The above error occurs because, when you make an assignment to a variable in a scope, that variable is automatically considered by Python to be local to that scope and shadows any similarly named variable in any outer scope.
上面报错是因为,当你在一个作用域内为变量赋值的时候,变量会自动被Python当做局部作用域并屏蔽所有外层作用域的同名参数。
Many are thereby surprised to get an UnboundLocalError
in previously working code when it is modified by adding an assignment statement somewhere in the body of a function. (You can read more about this here.)
因此许多人在前面的代码例子,函数体外添加了赋值语句,抛出UnboundLocalError异常时感到很惊讶。
It is particularly common for this to trip up developers when using lists. Consider the following example:
开发人员使用list被坑的情况尤其常见。考虑下面的例子:
>>> lst = [1, 2, 3]
>>> def foo1():
... lst.append(5) # This works ok...
...
>>> foo1()
>>> lst
[1, 2, 3, 5]
>>> lst = [1, 2, 3]
>>> def foo2():
... lst += [5] # ... but this bombs!
...
>>> foo2()
Traceback (most recent call last):
File "<stdin>", line 1, in <module>
File "<stdin>", line 2, in foo
UnboundLocalError: local variable 'lst' referenced before assignment
Huh? Why did foo2
bomb while foo1
ran fine?
昂?为什么foo2挂了而foo1可以呢?
The answer is the same as in the prior example, but is admittedly more subtle. foo1
is not making an assignment to lst
, whereas foo2
is. Remembering that lst += [5]
is really just shorthand for lst = lst + [5]
, we see that we are attempting to assign a value to lst
(therefore presumed by Python to be in the local scope). However, the value we are looking to assign to lst
is based on lst
itself (again, now presumed to be in the local scope), which has not yet been defined. Boom.

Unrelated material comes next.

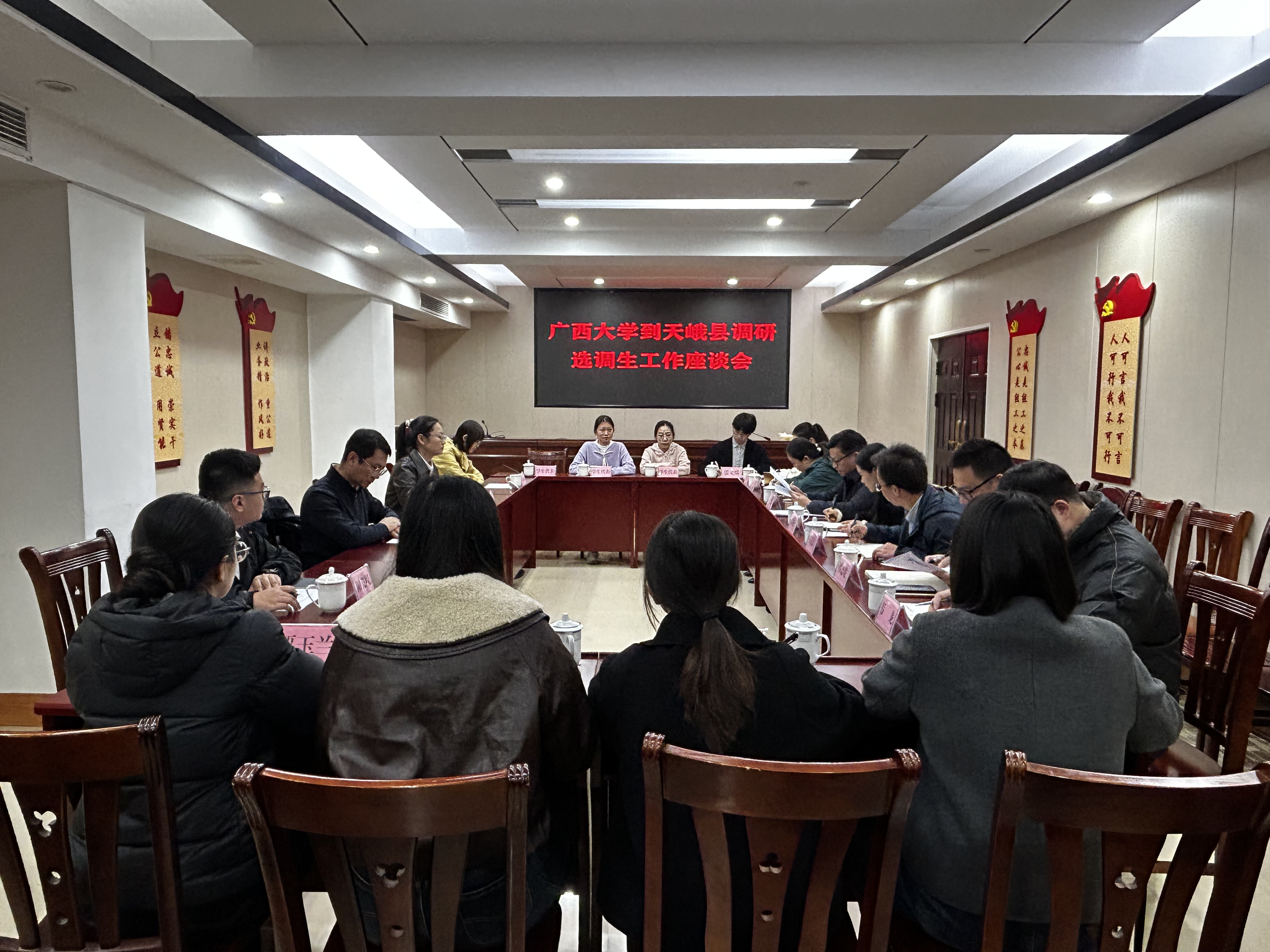 为贯彻落实学校党委关于选调生工作的决策部署,受学校党委委派,近日,我院党委副书记孙晓黎带队前往河池市天峨县走访调研选调生工作。天峨县委常委、组织部部长卢仁国及有关负责同志参加座谈交流。

答案与前例类似,但无可否认这个例子更加微妙。foo1没有给lst赋值,而foo2却赋值了。记住lst += [5]实际上是lst = lst + [5]的简写,我们看到我们试图给lst变量赋值(因此Python假设此变量位于局部作用域中)。然而,我们打算赋值的lst变量的值基于它本身(再次被假定在局部作用域之中),而它还没被定义过。Boom
Common Mistake #5: Modifying a list while iterating over it 遍历列表时修改列表的值
The problem with the following code should be fairly obvious:
下面这段代码的问题应该十分明显:
>>> odd = lambda x : bool(x % 2)
>>> numbers = [n for n in range(10)]
>>> for i in range(len(numbers)):
... if odd(numbers[i]):
... del numbers[i] # BAD: Deleting item from a list while iterating over it
...
Traceback (most recent call last):
File "<stdin>", line 2, in <module>
IndexError: list index out of range
Deleting an item from a list or array while iterating over it is a faux pas well known to any experienced software developer. But while the example above may be fairly obvious, even advanced developers can be unintentionally bitten by this in code that is much more complex.
在遍历时从列表或者数组中删除项目是任何有经验软件开发人员都知道的反例(faux pas,失礼)。虽然可能上面这个例子是显而易见的,但是即使高级开发者也可能会在复杂得多的代码中无意识地被这个错误咬一口。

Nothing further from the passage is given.